Saturday, July 25, 2009
Plagiarism Is Ten Letter Word
In almost any writing group, someone will ask a question about plagiarism in an effort to clarify a somewhat confusing subject. Almost immediately, the answer will come back that plagiarism is the misappropriation of another person’s work. They will give the entry in the dictionary, along with those little symbols that warm the heart of a grammarian, but are difficult to type. The next round of questions and answers always involves copyright and trademark. This is the point where I want to head to the nearest bolt-hole and cover my ears. The person asking the original question only wants to know why some writers feel free to explore subjects other writers have written about, while others seem to be overly cautious and inhibited. So I am going to answer the question that never gets answered. It centers on what is original and what is open to artistic interpretation.
Titles are not copyrightable, but you already knew that. You may be wondering why people get sued when they fool around with their favorite character, who might be named Harry Potter. This is where trademark comes in. Harry Potter is more than a character in a copyrighted story. He, along with his friends, is an industry, and you can’t capture him and keep him for your own. The guys who create posters, music, and all of the other trade goods, are making money, and they don’t want you standing in front of the machines while they stamp out the dollar bills. But enough of this. Let’s talk about something interesting.

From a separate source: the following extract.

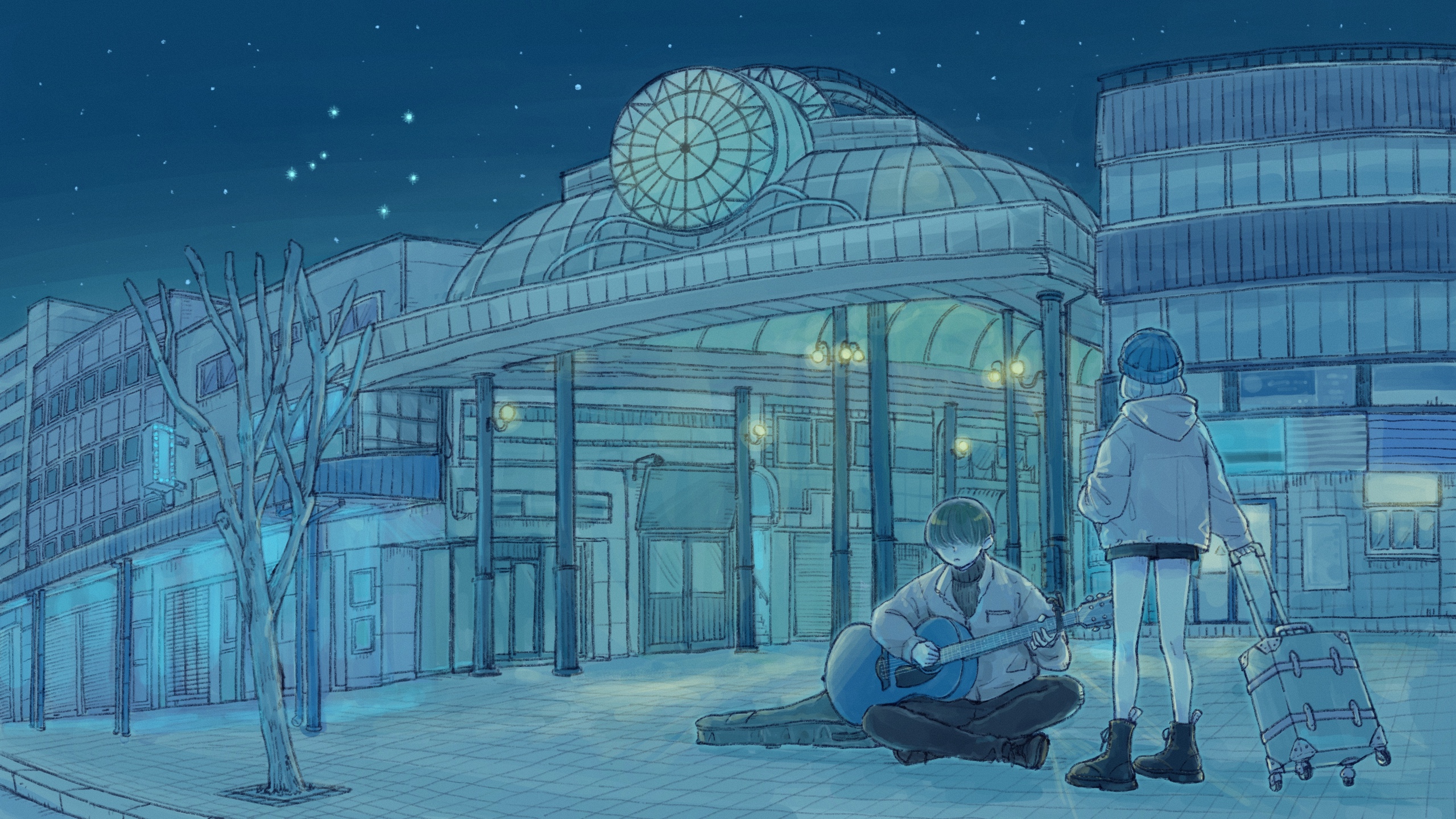 1boy 1girl bare_tree black_footwear blue_theme boots building commission facing_away guitar highres holding holding_suitcase hood hood_down hoodie indian_style instrument jacket long_sleeves music night on_floor original outdoors pants playing_guitar playing_instrument port_(portzzz) procreate_(medium) scenery short_hair sitting sky standing star_(sky) starry_sky suitcase town tree wide_shot

Not too long ago, I witnessed a terrible sling-fest between two writers who were accusing each other of stealing material from the other’s blog. Somewhere in the pauses between the shin kicking and the hair pulling, one of them uttered that terrible word— lawsuit. I was not surprised at the way this catfight turned out. Someone found the ‘original’ article on a third-party website, and gave the address where it could be read in its entirety. I have a feeling the whole problem was the fault of their muses, who just happened to be on the same wavelength.
One of the things—and probably the most important detail about creative fiction—is what we call plot. Plots are not copyrightable. Yes, you read that correctly. You cannot copyright a plot. Each and every one of them date back to the days when people lived in caves. The most stirring moment in their society was when the traveling storyteller arrived at irregular intervals. Milton Berle, the popular humorist from the early days of television, said there were only twenty-three jokes, and all of them were used over and over during the days of Vaudeville. He would challenge the members of his audience to tell him what they thought was an original joke. He would then give them the original from the Vaudeville circuit, plus the identity of the person who used it in their act. Fiction writers are luckier in this respect. Someone once listed the various types of plots found in fiction, and they could only come up with thirty-six. There is Escape, Challenging Obstacles, Barriers to Love, Revolt, Hatred of a Friend or Family Member—to name a few. If you think it is more complicated, then sit down with an armload of best selling novels and carefully analyze the stories. You can’t find a better exercise for preparing your own story for submission. What is your story really about? Despite the many sub-plots, a story can be condensed to one sentence, and you need this for the back of the book. Find a comfortable chair and kick back for an hour or two. I will leave it to you to dig out the plot.